Streptomyces griseus is a species of bacteria in the genus Streptomyces commonly found in soil. A few strains have been also reported from deep-sea sediments. It is a Gram-positive bacterium with high GC content. Along with most other streptomycetes, S. griseus strains are well known producers of antibiotics and other such commercially significant secondary metabolites. These strains are known to be producers of 32 different structural types of bioactive compounds. Streptomycin, the first antibiotic ever reported from a bacterium, comes from strains of S. griseus. Recently, the whole genome sequence of one of its strains had been completed.

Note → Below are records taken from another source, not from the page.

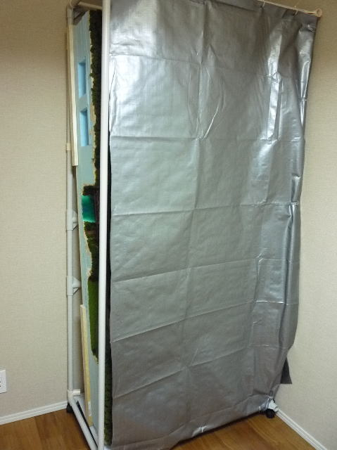 細かい事は色々と残っていますが、とりあえずレイアウト本体(ベース)の仕上げを行います。 これをやってしまえば立てかけて収納が可能になる。 まずは近くのホームセンターで木材を調達。 レイアウトベースにスタイロフォームを使用しているため、やはり少しではあるが持ち上げる際に ベースが少々たわんでしまう。それが原因で線路やシーナリーに影響(破損)が起きるといけないので 木材でスタイロフォームを補強できるような「枠」を作る。 ついでに先日コネクタ化したポイントとフィーダ線をこの枠に固定します。 いきなり完成図w 枠を組み終わって横のまま立てかけた状態です。 ![]() 枠の組み方がお分かりでしょうか。 あくまでも「補強」が目的なので、最低限の材料に留め、定尺をそのまま無加工で使うため上のような組み方になっています。 木材はホワイトポプラ。価格的にSPFの方が圧倒的に安いんですが、今回は重量(軽い)と反りの少なさが重要なので こちらをチョイスしてみました。 まだ配線がゴチャゴチャなので適当に整理してみます。 ![]() はい、完成www いや、自分は見えないところは結構どうでもよくしてしまう性分なもんで・・・ 角材の厚みがある分、スタイロフォーム本体が直接他の部分へ擦れたりすることは無さそうなので やっつけ仕事で処理してしまいました。どーせ見えないしw そして↓がコネクタ部分。 ![]() スタイロフォームをくり抜いて、コネクタのネジ部分からL字アングルを使って木材へタッピングネジで固定。 本多通信工業っちゅー国産高級品(?)のため抜き差しの手ごたえがかなりキツイ感じなので 一応抜き差しのテストも行いましたが問題ナシ♪ せっかくできたんだから と 収納してみる。 ![]() まぁ概ねいいんじゃないでしょうか。 1820x910 の固定式レイアウトが1000x450というコンパクトサイズで収納です♪ |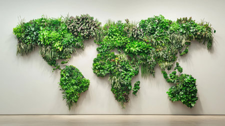 This striking wall art features a world map crafted from various lush green plants, creating a vibrant and eco-friendly focal point for any modern space.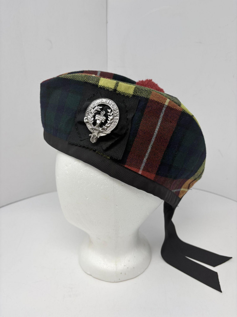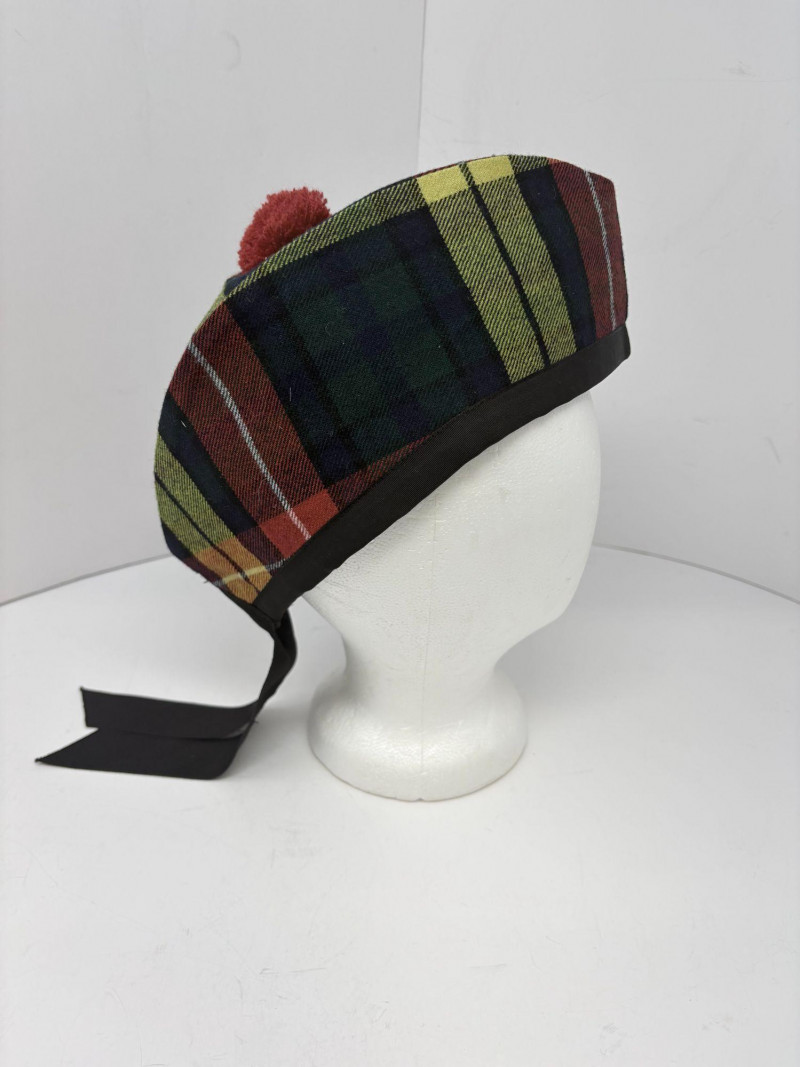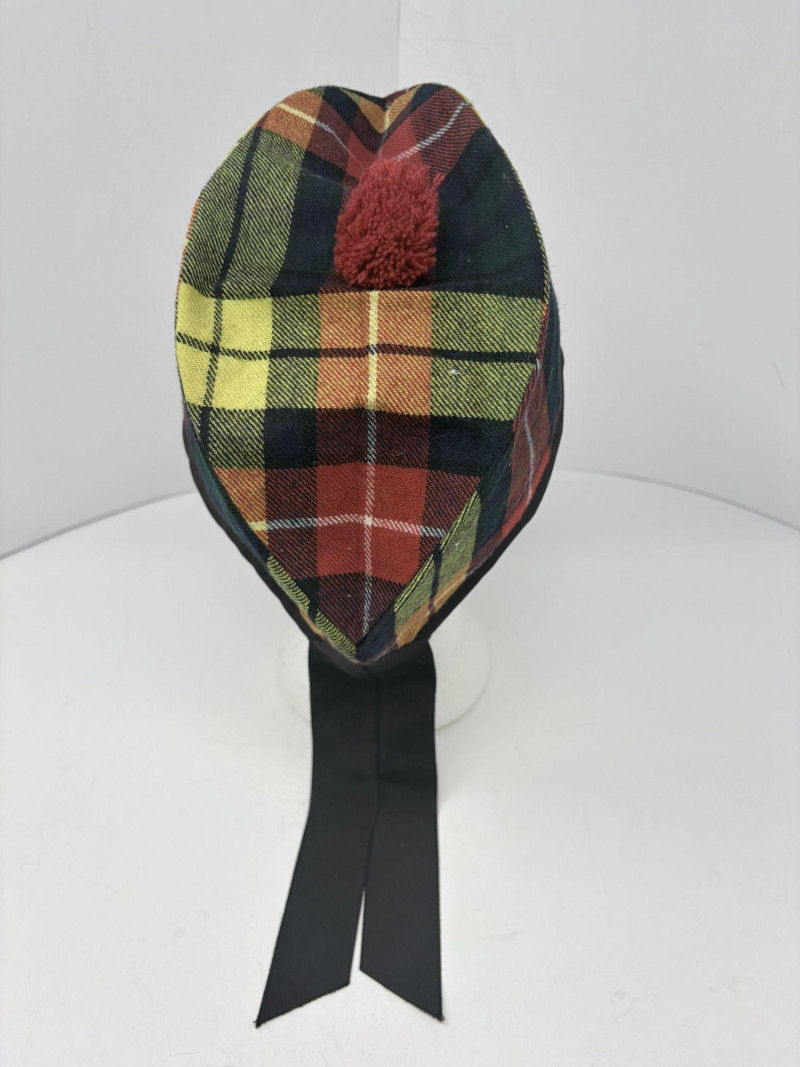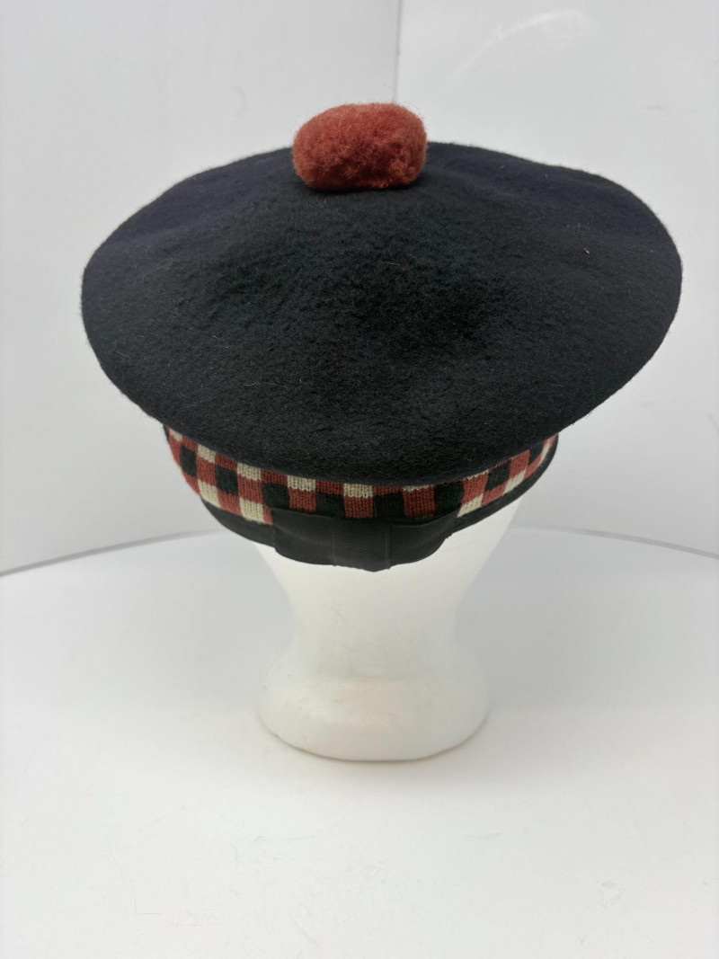 Approx. size: 8–9 in. tall × 6 in. wide. Tartan Balmoral Bonnet (Red Toorie)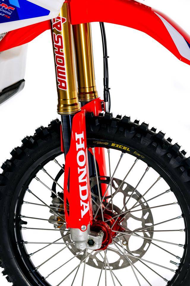 10、由 HAAN 特別開發(fā)、以實(shí)心材料經(jīng)過(guò) CNC 加工而成的前后輪轂;來(lái)自 Excel 前 21(1.6 x 21)、后 18 英寸(2.5 x 18,CRF450R 為 2.15 x 19、CRF450RX 為 2.15 x 18)輪框和輻條,帶有防護(hù)裝置、以吸收來(lái)自比賽過(guò)程中的猛烈撞擊,可提高駕駛的舒適性,從而減少了車手長(zhǎng)途飛馳的疲勞;

The taxonomic history of S. griseus and its phylogenetically related strains has been turbulent. S. griseus was first described in 1914 by Krainsky, who called the species Actinomyces griseus. The name was changed in 1948 by Waksman and Henrici to Streptomyces griseus. The interest in these strains stems from their ability to produce streptomycin, a compound which demonstrated significant bactericidal activity against organisms such as Yersinia pestis (the causative agent of plague) and Mycobacterium tuberculosis (the causative agent of tuberculosis). Streptomycin was discovered in the laboratory of Selman Waksman, although his PhD student Albert Schatz probably did most of the work on these strains of bacteria and the antibiotic they produce.